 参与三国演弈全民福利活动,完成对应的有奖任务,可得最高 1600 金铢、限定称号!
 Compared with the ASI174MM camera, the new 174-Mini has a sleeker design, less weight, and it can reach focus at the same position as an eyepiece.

__________________________________________________

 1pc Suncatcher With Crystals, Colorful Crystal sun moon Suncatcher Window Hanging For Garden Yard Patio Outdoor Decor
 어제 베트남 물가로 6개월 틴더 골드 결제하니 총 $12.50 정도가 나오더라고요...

__________________________________________________

▸ EXERCISE PROMPT: For the material above, reproduce exactly the lines from the line with "参与三国演弈全民福利活动,完成对应的有奖任务,可得最高 1600 金铢、限定称号!" to the line with "Compared with the", inclusive, and exclude all others.

▸ ANSWER BOX:
 参与三国演弈全民福利活动,完成对应的有奖任务,可得最高 1600 金铢、限定称号!
 Compared with the ASI174MM camera, the new 174-Mini has a sleeker design, less weight, and it can reach focus at the same position as an eyepiece.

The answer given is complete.